Journal watch: ROP, HOCM, vitiligo and more
How to cite this article: Kumar VS. Journal watch: ROP, HOCM, vitiligo and more. Karnataka Paediatr J 2023;38:96-100.
Source: Aggarwal V, Bhatia R, Tan K. (2023). Oxygen saturation levels and retinopathy of prematurity in extremely preterm infants – a case-control study. BMC Paediatrics, 23(1), 449. https://doi.org/10.1186/s12887-023-04278-6
A retrospective case-control study was carried out to compare the oxygen saturation levels in extremely preterm infants, with and without retinopathy of prematurity (ROP). The data from oxygen saturation (SpO2) readings indicated that infants without ROP experienced longer periods of hyperoxia compared to those with ROP. In addition, the ROP group displayed greater variability in oxygen saturation levels, suggesting more frequent oxygen desaturation events.
When infants in both the ROP and non-ROP groups were administered supplemental oxygen (fraction of inspired oxygen > 21%), their SpO2 levels showed similar distributions. This suggests that there is no strong evidence to support the idea that supplemental oxygen had a significant impact on the development of ROP in the infants studied. However, it is important to note that the SpO2 data were only collected at hourly intervals, potentially missing brief episodes of both low and high oxygen levels.
Further analysis of additional clinical factors revealed that neonatal surgery was associated with an increased likelihood of developing ROP in the studied cohort.
To enhance the quality of care in neonatal intensive care units and reduce unnecessary oxygen exposure in preterm infants, it is imperative to implement quality improvement processes aimed at auditing oxygen delivery. These processes will help identify and address any shortcomings in oxygen management, ensuring better outcomes for these vulnerable infants.
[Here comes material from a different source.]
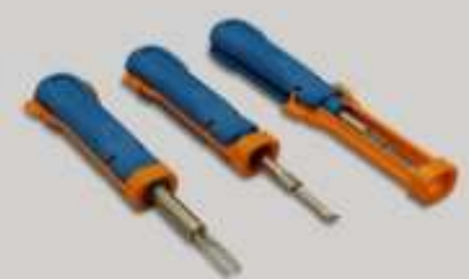
Einsetz- und Entriegelungswerkzeuge (1)

Source: Mukhtar G, Sasidharan B, Krishnamoorthy KM, Kurup HK, Gopalakrishnan A, SasiKumar D, et al. (2023). Clinical profile and outcomes of paediatric hypertrophic cardiomyopathy in a South Indian tertiary care cardiac centre: a three-decade experience. BMC Paediatrics, 23(1), 446. https://doi.org/10.1186/s12887-023-04255-z
This study is the most extensive investigation of paediatric cardiomyopathy in South Asia to date. The researchers examined the clinical characteristics and outcomes of cardiomyopathy in children under 18 years old. Out of the 233 cases identified, 63 cases were diagnosed with hypertrophic cardiomyopathy (HCM), with a significant number presenting in infancy. The median age of presentation for HCM patients was 7 years. The study also found that LV outflow obstruction was present in 47% of patients, similar to previous paediatric studies.
The study identified several interesting cases, including one patient with infantile-onset obstructive HCM who developed infective endocarditis of the mitral valve at 8 years old. Fortunately, the patient responded well to medical treatment. In addition, 14% of HCM patients in the study had Noonan syndrome, with a higher percentage presenting in infancy. The outcomes for these patients were generally positive, with all patients alive over a mean follow-up period of 7 years.
The study reported a 5-year survival rate of 82% and a 10-year survival rate of 78%, which is comparable to other studies. However, the study had a high attrition rate, with 33% of patients lost to follow-up. Among the patients whose outcomes were known, 26% died, with sudden cardiac death being the most common cause. The study also noted a trend toward higher rates of death or ventricular arrhythmias in patients with consanguinity, possibly indicating underlying inborn errors of metabolism.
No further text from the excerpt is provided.